Sniffles aren’t unusual in a toddler, so Jess Thomas didn’t worry when her daughter seemed a little sick that morning.
As Kidspot reports, the mom from Moree, Australia had noticed that 2-year-old daughter Paige was out of sorts on the morning of August 7. The toddler was moody and had a runny nose along with a low-grade fever. But experienced parents know that minor illnesses are just a fact of life when it comes to small children.GoFundMe
Nothing told the mom that her daughter was much sicker than she looked. Jess told Mamamia:
“It was just a normal day. I was at home with Paige that day, we went to the kinder gym that morning and she was jumping on the balancing beams, and going through the tunnel, having a great time.”
That afternoon, she went to pick up her nieces from school and saw that Paige was walking slowly and seemed “a bit off.” When they arrived home, Jess got her first indication that something was very wrong. She told Kidspot:
“Paige was playing and being silly. Then all of a sudden she started shaking all over. I knew something wasn’t right so I took her straight to Moree hospital.”
She added that her daughter’s condition rapidly declined. The toddler “was in and out, like falling asleep,” on the drive to the hospital and vomited as they waited for treatment in the emergency room.
At first, doctors believed that Paige’s high fever, seizures, and vomiting were symptoms of meningitis. That night, she was transferred to another hospital, then flown the next day to a children’s hospital in Sydney.
An MRI revealed that Paige had suffered significant brain damage. Doctors diagnosed the toddler with Acute Necrotizing Encephalopathy (ANE), a rare brain disease that often follows a viral infection, such as the flu.
According to the National Institutes of Health, ANE usually occurs in early childhood. The condition generally begins with flu-like symptoms like fever, congestion, vomiting, or a cough. It then progresses to neurological symptoms, including seizures, hallucinations, and coordination problems.
The condition has a genetic component, though it is unclear how the gene mutations associated with ANE are involved in the process wherein a viral infection triggers the brain disease. Influenza is the most common trigger for ANE, though enterovirus, coxsackie virus, and human herpesvirus 6 have also been known to cause ANE.
About one third of ANE sufferers do not survive the initial illness and subsequent neurological effects. Among those that do survive, about half will suffer permanent brain damage resulting in difficulty with speech, walking, or other functions. There is also a chance that the condition will recur in the future. However, some victims of ANE are able to recover completely.
Paige’s father, Adam, told Mamamia that hearing his daughter had ANE was devastating:
“It was the worst thing you can possibly hear. I just couldn’t talk, to be honest. The first thing we asked was, ‘How do we fix it?’ and they told us you can’t really fix it. To see thirty people standing around your little girl who’s just two years old is pretty tough. It was pretty brutal, excruciating, to watch.”
More than once, Adam and Jess were told that their daughter wouldn’t survive, but every time, Paige pulled through. She was even briefly put in hospice care before her unexpected recovery sent her back to the hospital. Adam told Mamamia:
“It’s a horrible thing to think that you can have a perfectly normal life three weeks ago, just with a kid with a bit of a runny nose and that was it.
It’s been really hard to fathom what’s happened. When you go to a hospital and they tell you there’s nothing they can do, that’s really tough. There’s nothing you can do for an ANE patient, you can’t operate on them, you can’t do anything really.”
Because of the brain damage caused by ANE, Paige’s prognosis is uncertain. Doctors told her parents that she would require a feeding tube for the rest of her life. Less than a month later, her parents were thrilled to see her eating on her own.

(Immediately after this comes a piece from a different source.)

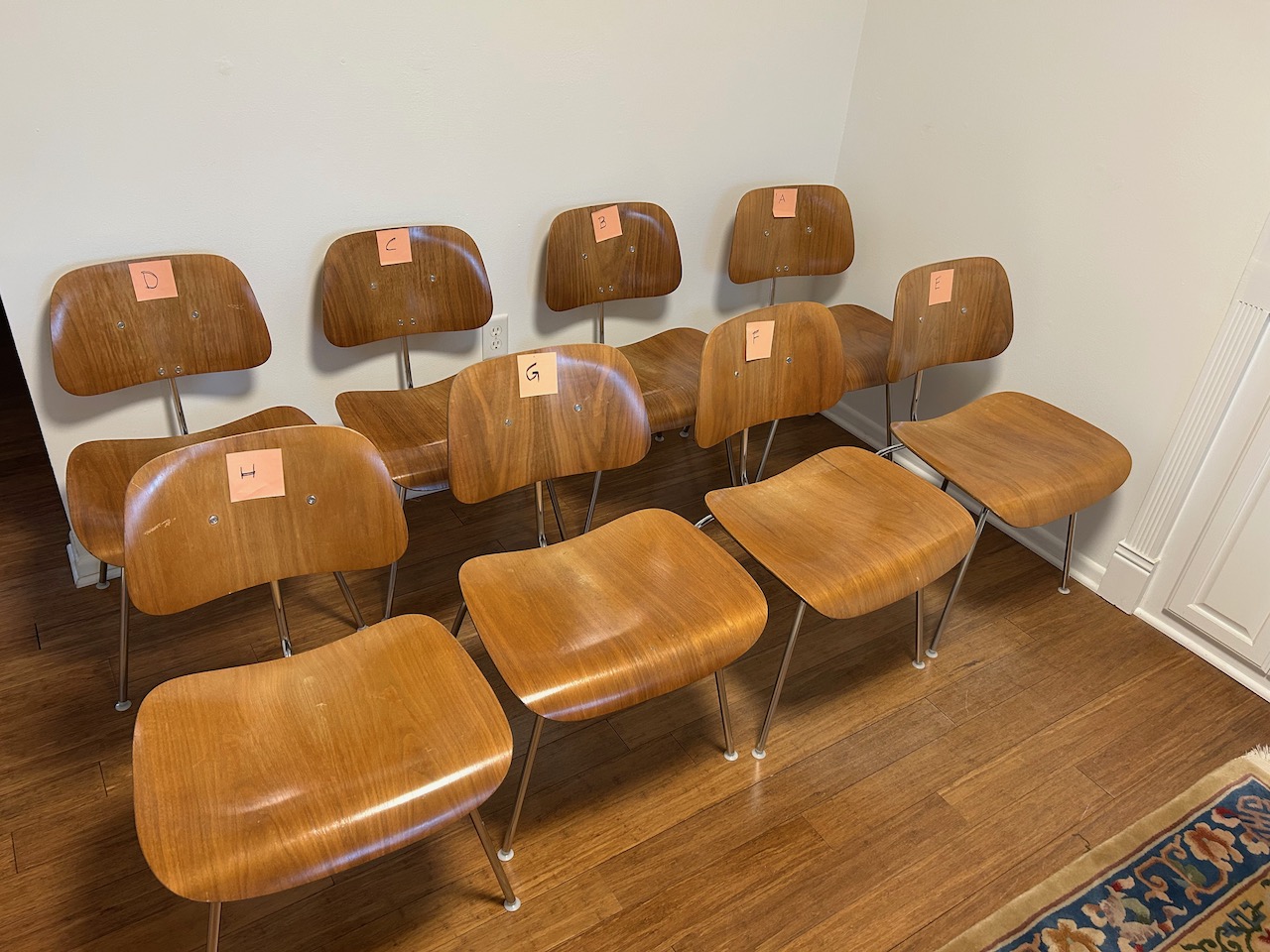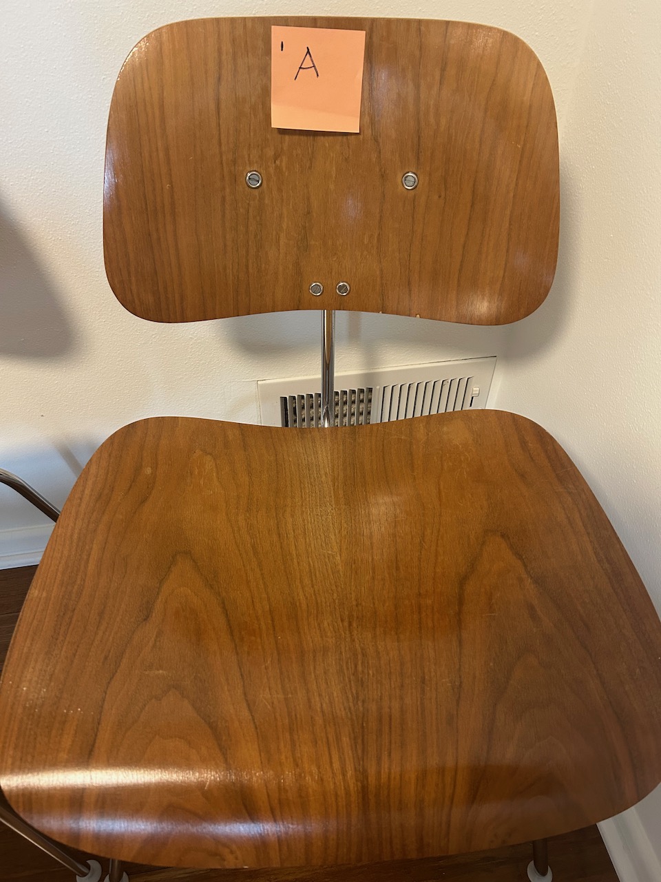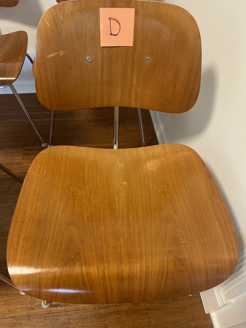 Login to ask a questionThe Chair That’s Smarter Than Your Uncle Bud. Institutionally updated and present for at least 6 PhD's. Lovingly restored. Still cooler than your entire living room. Introducing the Eames Molded Plywood Dining Chair (circa 1946, these are probably closer to the 1960's)—the legendary seat born in a California apartment and raised by design royalty, Charles and Ray Eames. This isn’t just furniture. It’s a mid-century modern icon with curves that say, “I read Bauhaus manifestos for fun.” (discount if you read it and did a dissertation on Bauhaus in German)
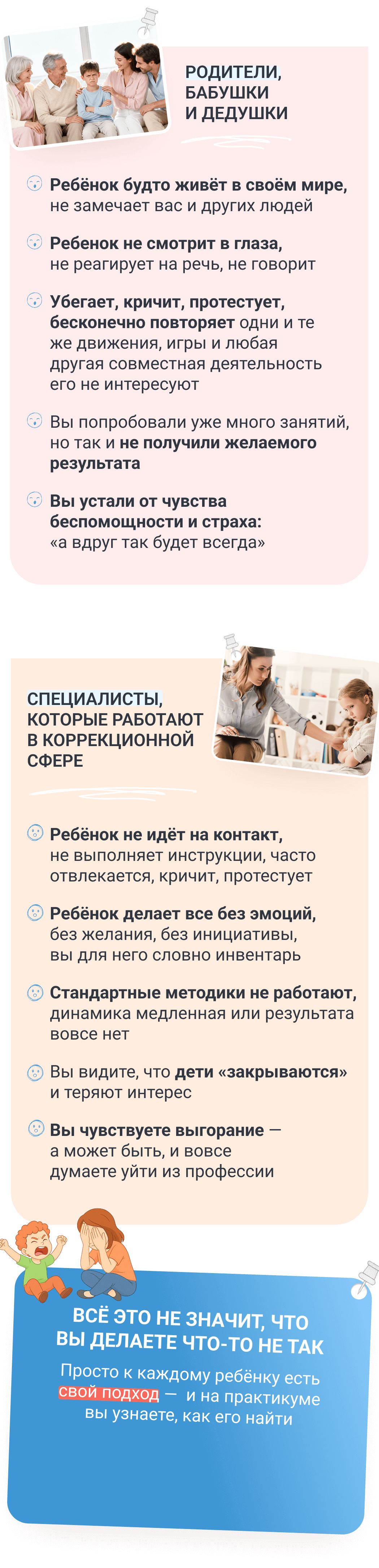 Сделайте первый шаг к тому, чтобы ребёнку с аутизмом захотелось общаться с вами и другими людьми — регистрируйтесь на практикум прямо сейчас

Paige’s parents have been beside their daughter’s hospital bed, far from home, for weeks. They don’t yet know what complications their daughter will face or what kind of rehabilitation she will require in the future.
The family has set up a GoFundMe page to help cover medical treatments and other financial needs. Though Paige’s future is still unknown, her father told Mamamia that he’s proud of how tough his daughter has proven to be:
“I’ve always said, Paige will decide what she wants to do. We’re very proud parents that she’s fighting hard. We’re focused on doing the best we can for Paige, to give her the best quality of life that she can have.”